When she got married, Laura Redella, a 34-year-old Atlantean and former banker, registered for three different china patterns—all riffs on a palette of pink, orange and blue—that she knew she could mix and match in a way that looks intentional. “We use it day in and day out,” she said, “and I put it in the dishwasher, even the set with gold leaf.”

The three styles of china that Ms. Redella uses are all equally vibrant: Ginori 1735’s Oriente Italiano in Cipria; Mottahedeh’s Sacred Bird and Butterfly, a petite pattern in tangerine; and Haviland’s densely floral Dammouse. “Playing with scale is important, too, some small, some large,” she said.

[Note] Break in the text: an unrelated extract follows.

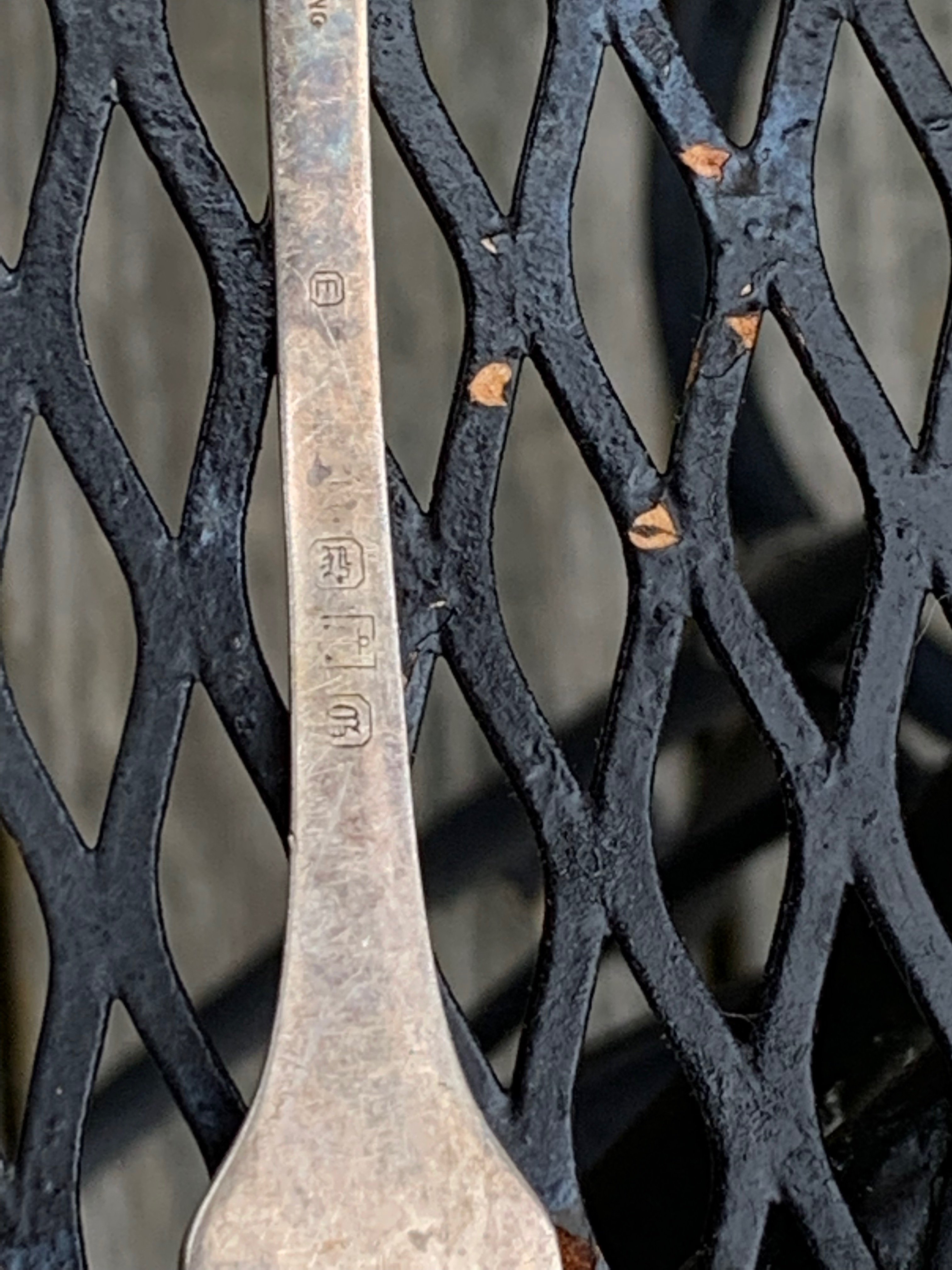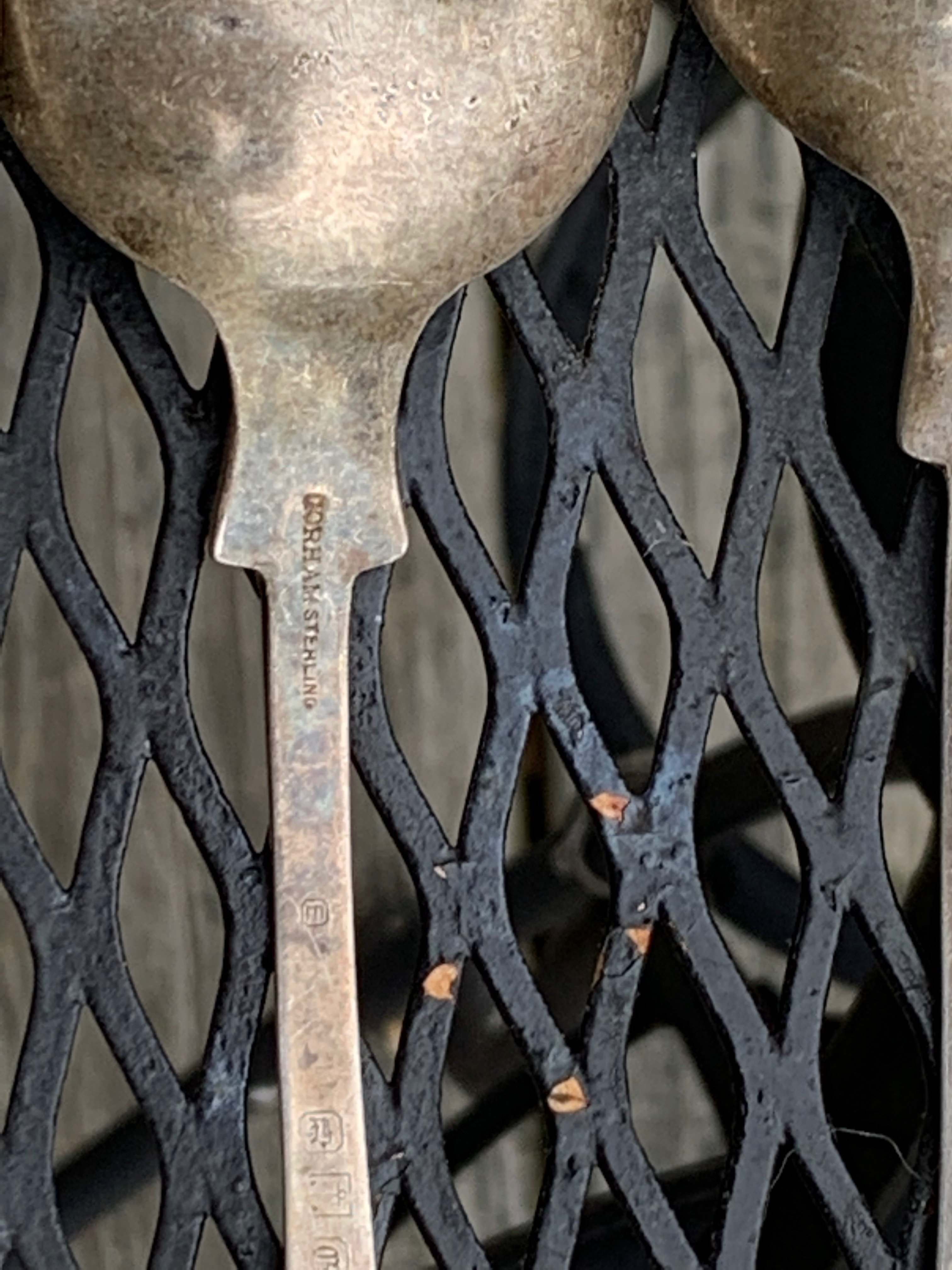 Sterling .925% silver in an Interesting primitive pattern. Craftsmanship and Design: Ornate patterns like Chantilly, Strasbourg, and Buttercup are highly collectible and often worth significantly more than their silver weight. For fun you might see if your local library has access to GORHAM SILVER by Charles H. Carpenter.

In this way, younger generations put their individual spin on once-formal place settings, said Ms. Tani. Ms. Redella backs her up: “I do not set the table in the same way as my mother,” she said. “I stack all these plates and make it feel really casual...I think it’s how we make these really stuffy things feel youthful.”

“Everyone is a chef now,” said Ms. Tani, referring to the obsession with food presentation that Instagram has wrought. Ginori 1735 researches hashtags like #foodporn when trying to understand how younger people are connecting with their dinnerware.

Want to experiment with these mashups without investing a trencher of money? “Start with beautiful side plates,” said Ms. Holt. The secondhand market holds bargains as well. A set of 10 mismatched porcelain plates on Etsy can run as low as $28. Replacements.com offers single plates in hundreds of historical patterns for a fraction of their retail price. And take a lesson from Ms. Redella. “Use them and love them and look at them everyday,” she said.